INFORMATION:
╔══

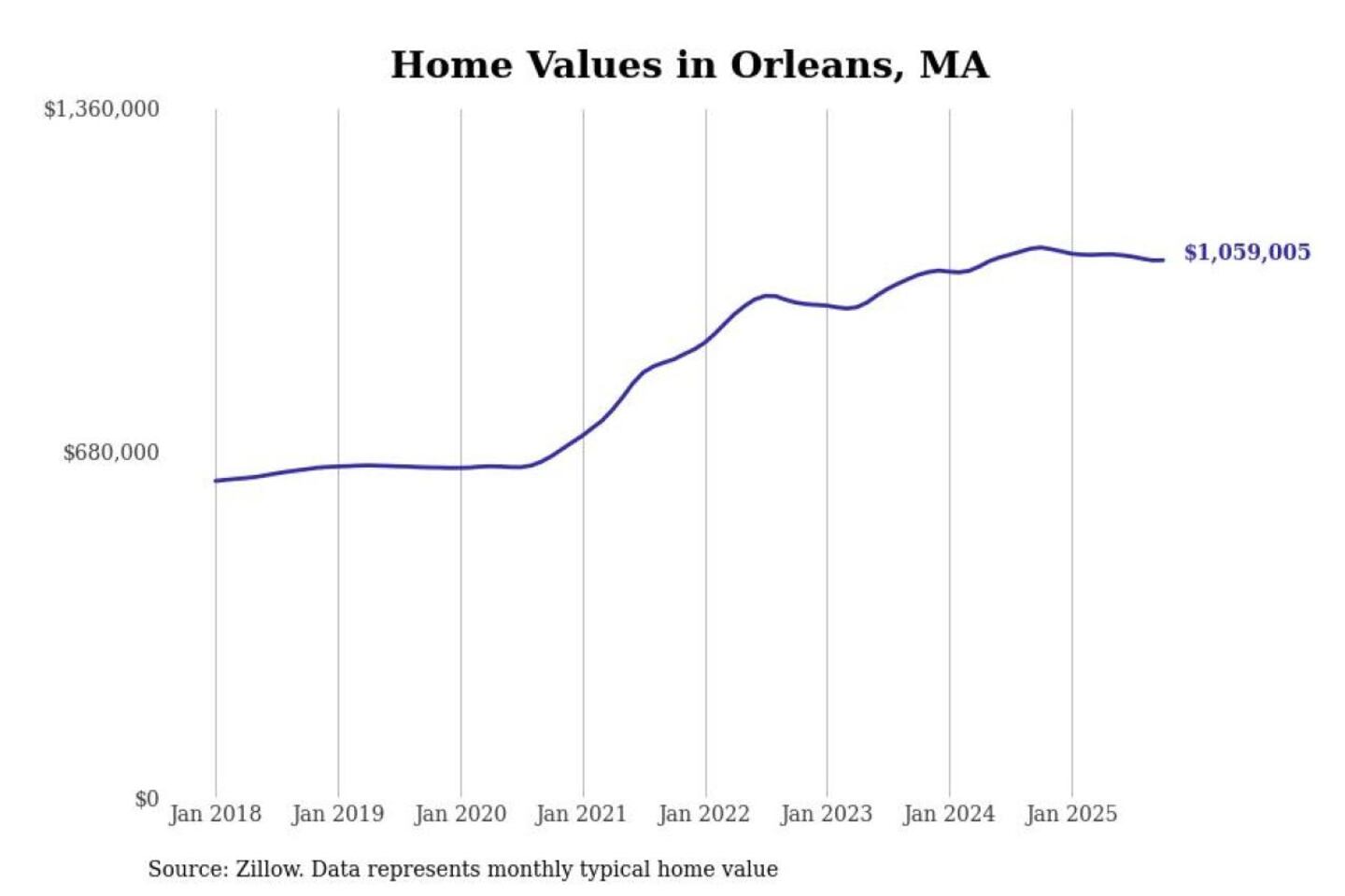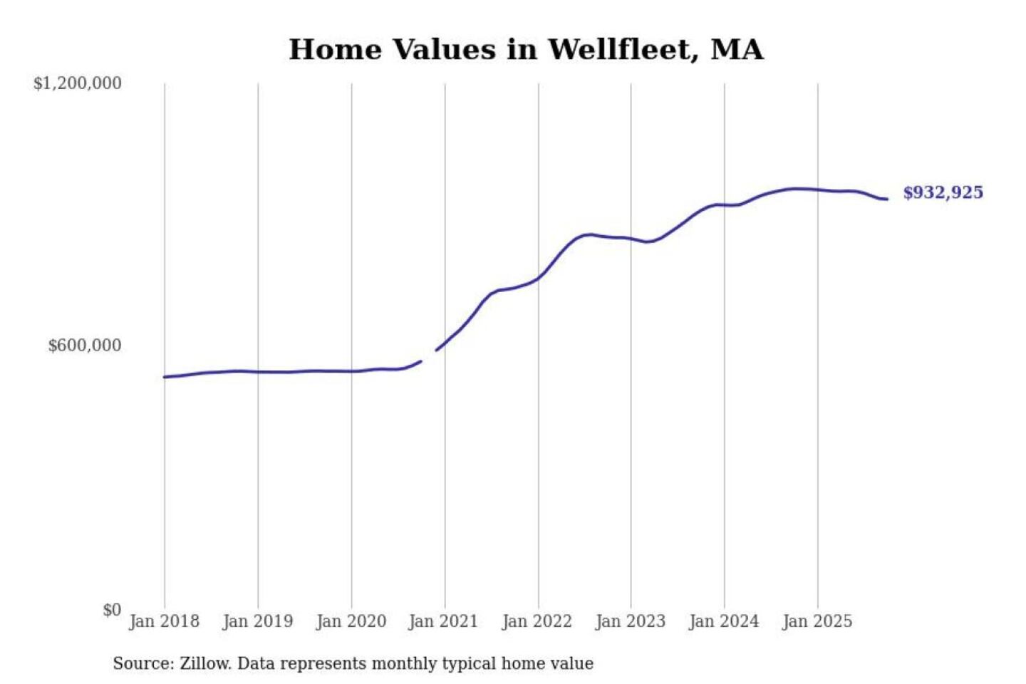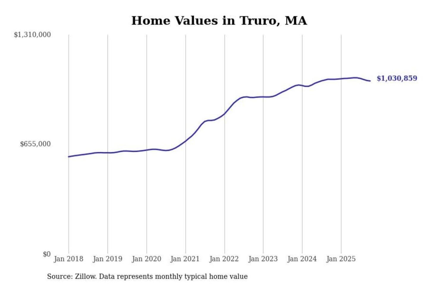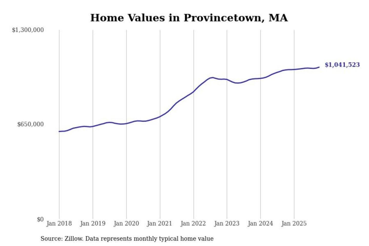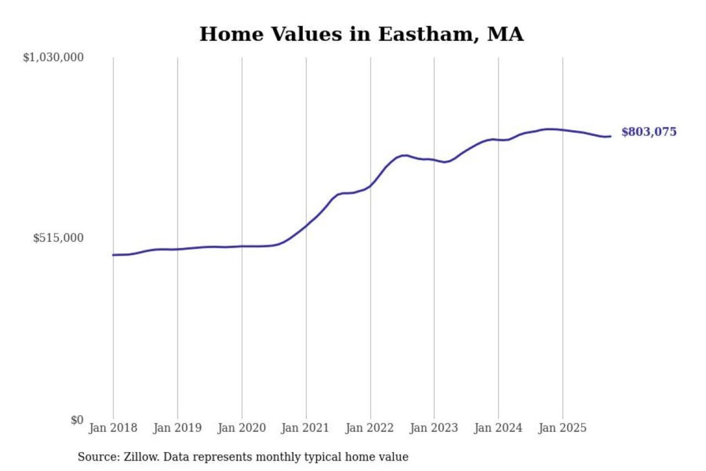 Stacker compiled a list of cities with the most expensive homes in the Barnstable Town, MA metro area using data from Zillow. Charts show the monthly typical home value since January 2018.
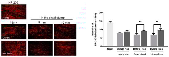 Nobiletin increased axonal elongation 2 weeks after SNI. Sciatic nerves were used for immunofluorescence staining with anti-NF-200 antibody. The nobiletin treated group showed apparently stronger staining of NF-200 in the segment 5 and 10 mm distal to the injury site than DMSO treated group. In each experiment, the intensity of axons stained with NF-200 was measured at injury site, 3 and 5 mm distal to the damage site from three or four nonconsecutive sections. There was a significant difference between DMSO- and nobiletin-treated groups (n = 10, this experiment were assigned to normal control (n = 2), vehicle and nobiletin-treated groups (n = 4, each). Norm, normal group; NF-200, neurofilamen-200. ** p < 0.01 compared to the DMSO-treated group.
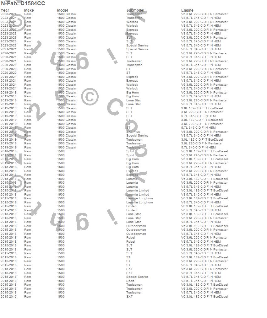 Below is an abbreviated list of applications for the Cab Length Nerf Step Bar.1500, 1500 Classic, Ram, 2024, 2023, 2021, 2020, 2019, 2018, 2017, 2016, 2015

╚══
╔══

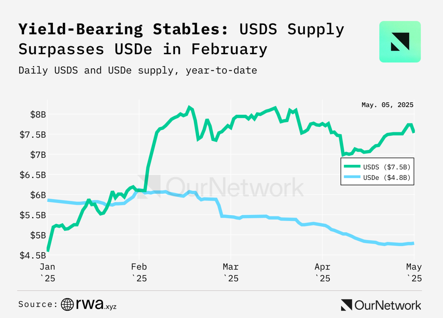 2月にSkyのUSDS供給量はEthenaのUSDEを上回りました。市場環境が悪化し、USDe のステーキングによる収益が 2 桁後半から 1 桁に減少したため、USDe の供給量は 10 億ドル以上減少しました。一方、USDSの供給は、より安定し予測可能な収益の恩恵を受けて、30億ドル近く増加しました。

╚══

EXERCISE DESCRIPTION:
With the pictures omitted, copy exactly the lines of the listing above starting at the line containing "Nobiletin increased axonal" and ending at the line containing "Below is an", both included.

ANSWER FOR THIS EXERCISE:
 Nobiletin increased axonal elongation 2 weeks after SNI. Sciatic nerves were used for immunofluorescence staining with anti-NF-200 antibody. The nobiletin treated group showed apparently stronger staining of NF-200 in the segment 5 and 10 mm distal to the injury site than DMSO treated group. In each experiment, the intensity of axons stained with NF-200 was measured at injury site, 3 and 5 mm distal to the damage site from three or four nonconsecutive sections. There was a significant difference between DMSO- and nobiletin-treated groups (n = 10, this experiment were assigned to normal control (n = 2), vehicle and nobiletin-treated groups (n = 4, each). Norm, normal group; NF-200, neurofilamen-200. ** p < 0.01 compared to the DMSO-treated group.
 Below is an abbreviated list of applications for the Cab Length Nerf Step Bar.1500, 1500 Classic, Ram, 2024, 2023, 2021, 2020, 2019, 2018, 2017, 2016, 2015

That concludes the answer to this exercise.